Kin Groups and Descent. Georgian families are typically of three generations: an older couple and married sons with children, plus unmarried sons and daughters. Increasingly, however, married sons may work in separate places and so form semi-independent households. Families are grouped together into patrilineages ( sadzmo ) , or "branches" ( sht'o ) of four to seven generations. In villages, families of a single branch occupy a section of adjacent houses. A branch also refers to all relatives up through the seventh degree, with whom marriage is prohibited by the church. In addition, people with the same surname ( mogvare ) assume they are related and do not marry. Families from western Georgia tend to have surnames ending in -dze, those from eastern Georgia in -shvili; Mingrelian, Svan, and some aristocratic family names have other endings. Many surnames are further identified with specific regions and villages.

Membership in all kin groups is patrilineal, marriage is exogamous, and residence patrilocal. Thus a villager grows up among his father's kin and sees his mother's relatives as guests. Nonetheless, Georgians consider their mothers' and grandmothers' relatives close "blood" kin, the same as their fathers', and visit them frequently if they live in the same town. Adults call on both their fathers' and mothers' relatives for help and in both groups enjoy the reassurance of being among kin. A man's honor is closely bound up with his mother, and his conduct reflects back on her most of all. A woman usually does not take her husband's name when she marries. She remains under her father's and brothers' protection throughout her life, but she is buried with her husband.

Georgians also recognize several categories of "spiritual" kin. In pre-Soviet times a nobleman sometimes gave his child to be suckled and raised by a peasant's wife. The child and the mother's own children would then be "milk brothers/sisters" ( dzudzumt'e ) , binding the families for generations. As a variation, a grown man could publicly touch his lips to the breast of a woman, and so become adopted into a family. Even today two people who feel strong affection for each other cut their fingers, let their blood intermingle, and swear siblinghood. In a form of ritual kinship contracted between a man and woman, the couple could have affectionate, even intimate relations; on the other hand, since they were considered kin, they could not marry (this custom, known as ts'ats'loba in the mountain province of Pshavi, and as sts'orproba in the neighboring district of Khevsureti, was practiced up to the early years of the twentieth century). All Georgian children today have godparents; those of the first child are the mother's and father's lifelong best friends, who stood with them at their wedding. Parents' and godparents' descendants should not marry for fourteen generations.

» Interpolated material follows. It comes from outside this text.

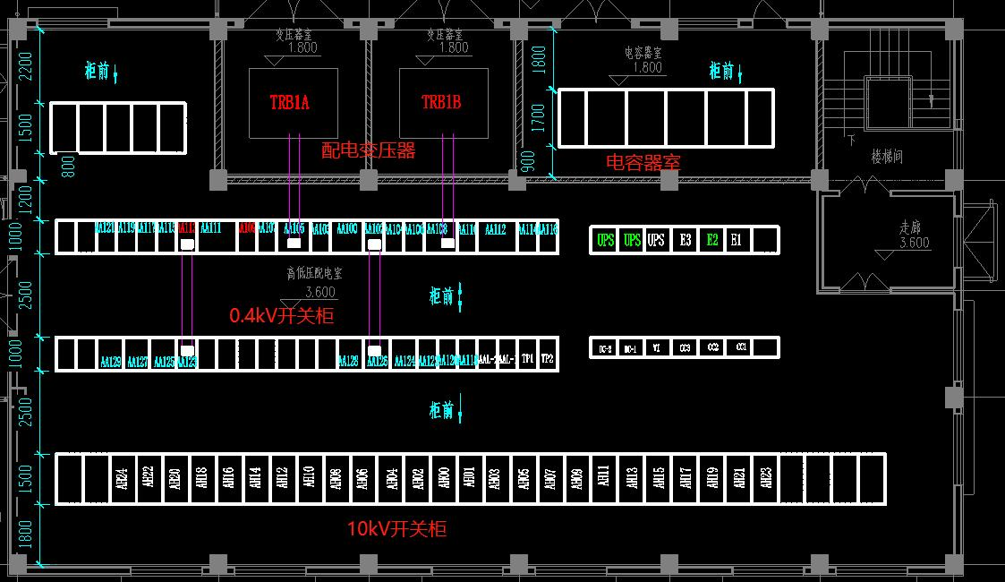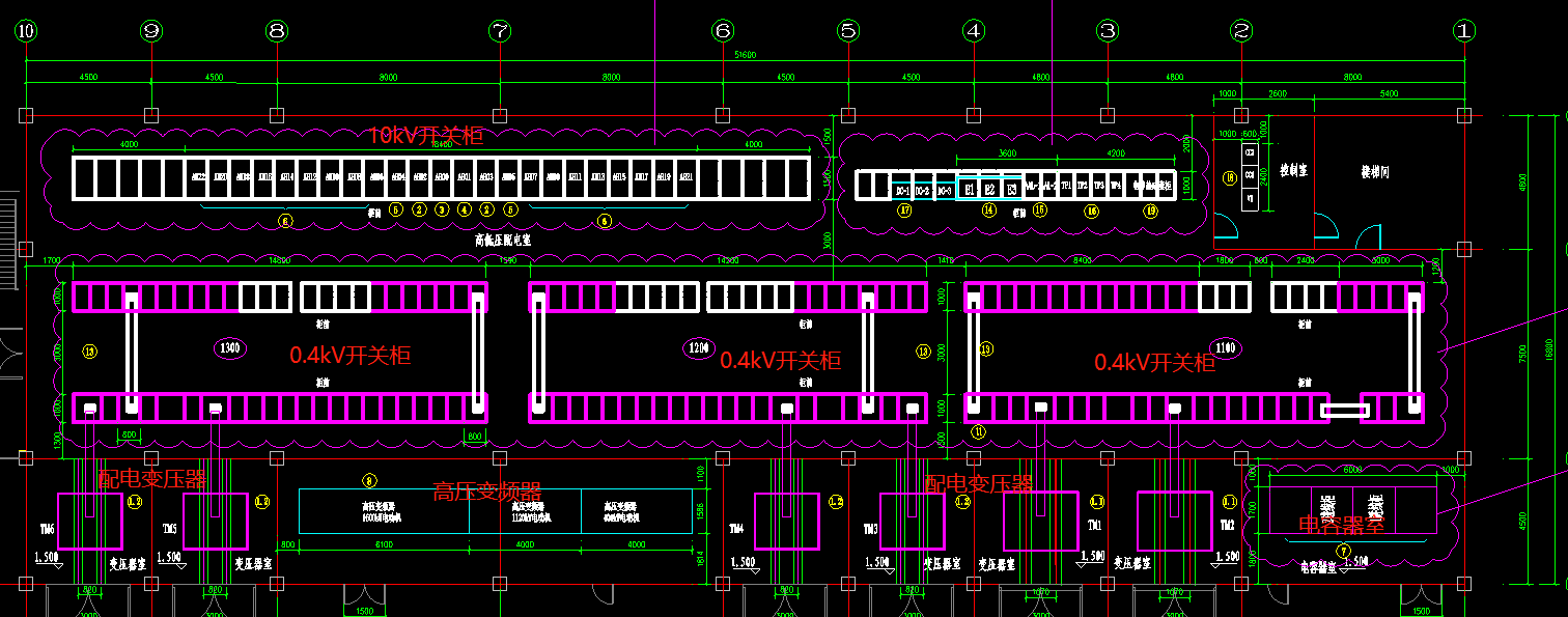 本工程為山東凱瑞英材料科技有限公司35kV供配電工程,共有35kV總變電所一個(gè),包括35kV配電系統(tǒng)和總變10kV配電系統(tǒng); 10kV循環(huán)水場變電所一個(gè);10kV裝置變電所一個(gè)。本工程由兩路35kV電源供電,安裝兩臺容量為16MVA的主變壓器。35kV總變電所配置8面KYN61-40.5中置式開關(guān)柜,進(jìn)出線方式為電纜下進(jìn)下出,柜體顏色為RAL7035,斷路器選用VBG-40.5P-31.5,電流互感器選用LZZBJ9-35D1;配置25面KYN28A-12(Z)中置式開關(guān)柜,進(jìn)出線方式為銅排上進(jìn),電纜下出,柜體顏色為RAL7035,斷路器選用VBG-E-12P-31.5,電流互感器選用LZZBJ9-10C1。循環(huán)水場變電所配置25面KYN28A-12(Z)中置式開關(guān)柜,進(jìn)出線方式為電纜下進(jìn),電纜下出,柜體顏色為RAL7035,斷路器選用CZK2-12-31.5,電流互感器選用LZZBJ9-10C1。裝置變電所配置24面KYN28A-12(Z)中置式開關(guān)柜,進(jìn)出線方式為電纜下進(jìn),電纜下出,柜體顏色為RAL7035,斷路器選用CZK2-12-31.5,電流互感器選用LZZBJ9-10C1。本工程共有一個(gè)35kV變電站和1個(gè)10kV開閉所,2個(gè)10kV變電所,35kV市電引入后經(jīng)由35kV/10kV變壓器,降至10kV電引入開閉所,再由開閉所進(jìn)行分配電能至各個(gè)分變電所,整個(gè)變電站的一次系統(tǒng)干線圖以及平面布局圖如下:

Kinship Terminology. A Georgian names relatives by their relation to his or her ancestral line; maternal and paternal lines are not distinguished. Blood uncles are called by a special term ( bidza or dzia ) and their wives by another ( bitsola ) . All other relatives are referred to by compound terms of the form "mother's sister," "grandfather's brother's wife," "brother's child's child," and so on. Terms distinguish gender when counting up generations, but not down. "Uncle" and "mother's sister" ( deida ) are general terms of respect for older people; an older woman of the same village is "uncle's wife." A wife has a set of terms to call her husband's mother, father, brother, and sister; and the husband likewise has a separate set for his wife's immediate kin (e.g., husband's mother, dedamtili; wife's mother, sidedri ) . All the members of each family then reciprocate with a single term. Husbands of sisters, wives of brothers, a married couple, and the parents of a married couple each have a reciprocal term. There is also a complete set of terms for families joined through godparenthood.